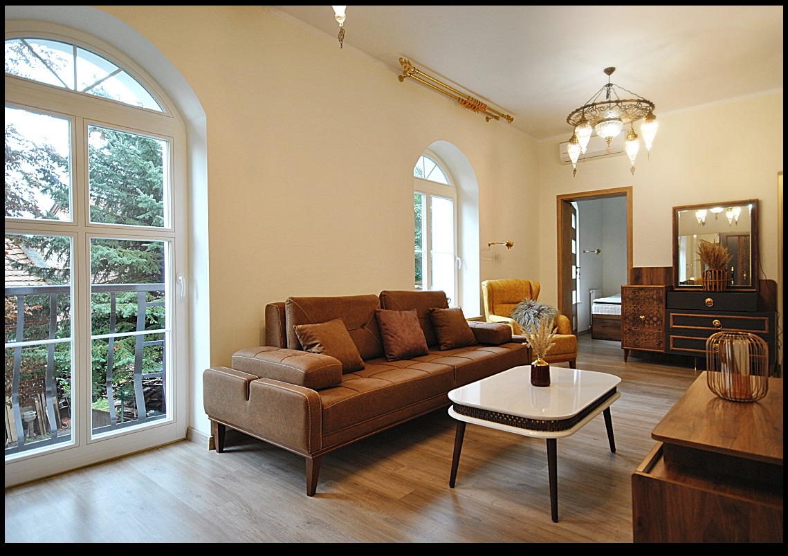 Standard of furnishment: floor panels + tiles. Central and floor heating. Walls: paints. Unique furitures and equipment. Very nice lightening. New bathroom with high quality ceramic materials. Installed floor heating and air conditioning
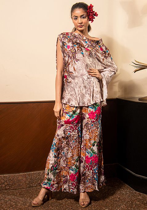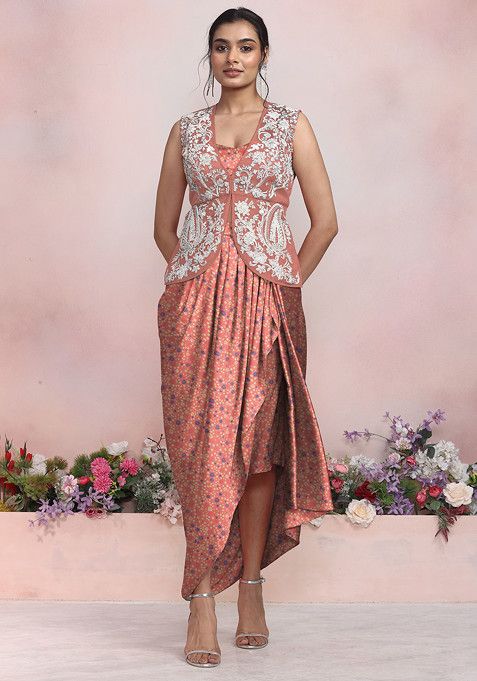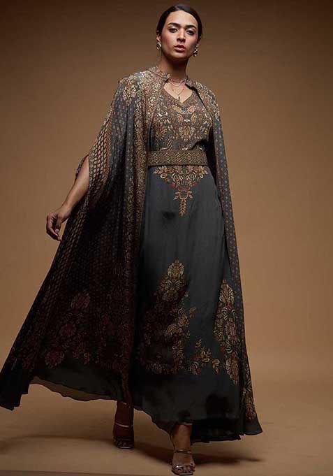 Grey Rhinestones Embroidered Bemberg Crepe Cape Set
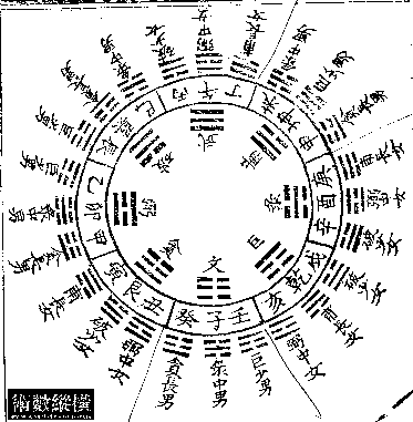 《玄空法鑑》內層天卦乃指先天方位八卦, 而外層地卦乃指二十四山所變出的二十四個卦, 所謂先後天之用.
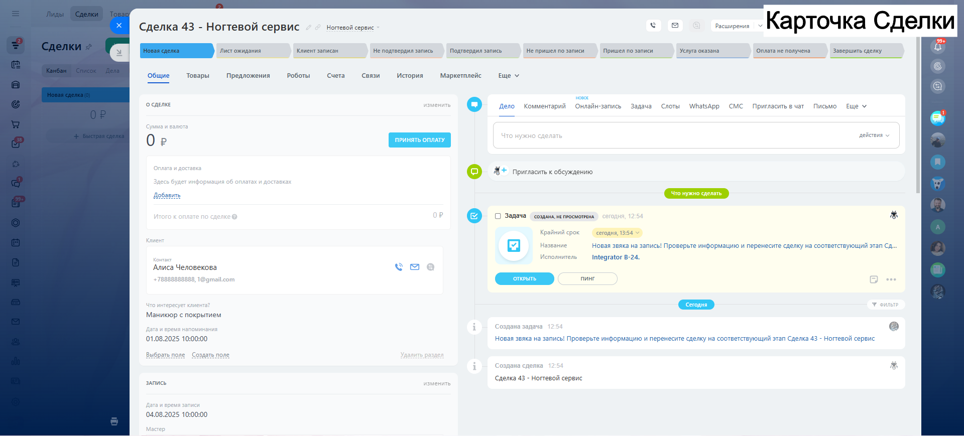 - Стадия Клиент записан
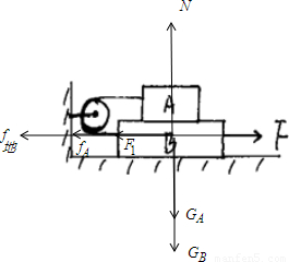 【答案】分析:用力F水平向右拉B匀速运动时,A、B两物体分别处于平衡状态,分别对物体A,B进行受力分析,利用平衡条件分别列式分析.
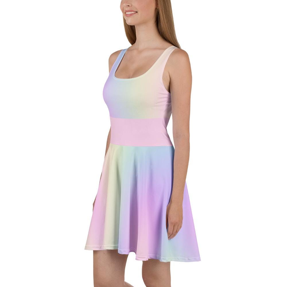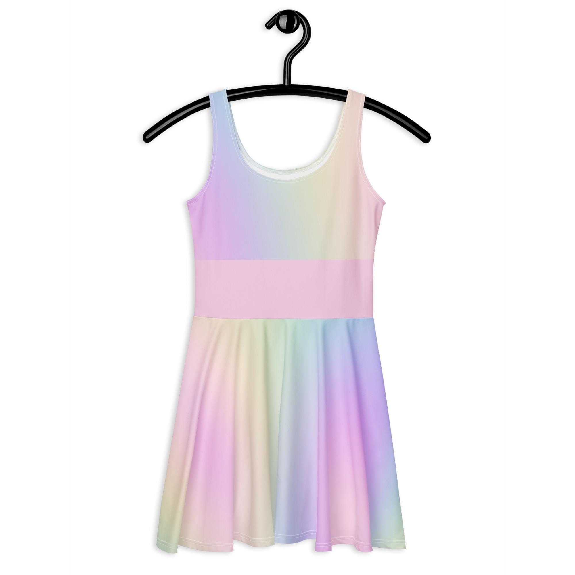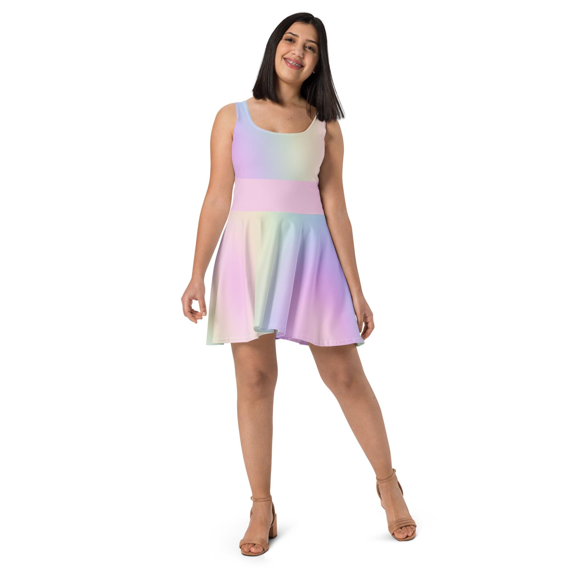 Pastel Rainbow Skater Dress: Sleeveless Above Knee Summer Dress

+++

▶ [Directions for this task] Repeat the listing above exactly, with no pictures.

▶ [Exercise result]
 Standard of furnishment: floor panels + tiles. Central and floor heating. Walls: paints. Unique furitures and equipment. Very nice lightening. New bathroom with high quality ceramic materials. Installed floor heating and air conditioning
 Grey Rhinestones Embroidered Bemberg Crepe Cape Set
 《玄空法鑑》內層天卦乃指先天方位八卦, 而外層地卦乃指二十四山所變出的二十四個卦, 所謂先後天之用.
 - Стадия Клиент записан
 【答案】分析:用力F水平向右拉B匀速运动时,A、B两物体分别处于平衡状态,分别对物体A,B进行受力分析,利用平衡条件分别列式分析.
 Pastel Rainbow Skater Dress: Sleeveless Above Knee Summer Dress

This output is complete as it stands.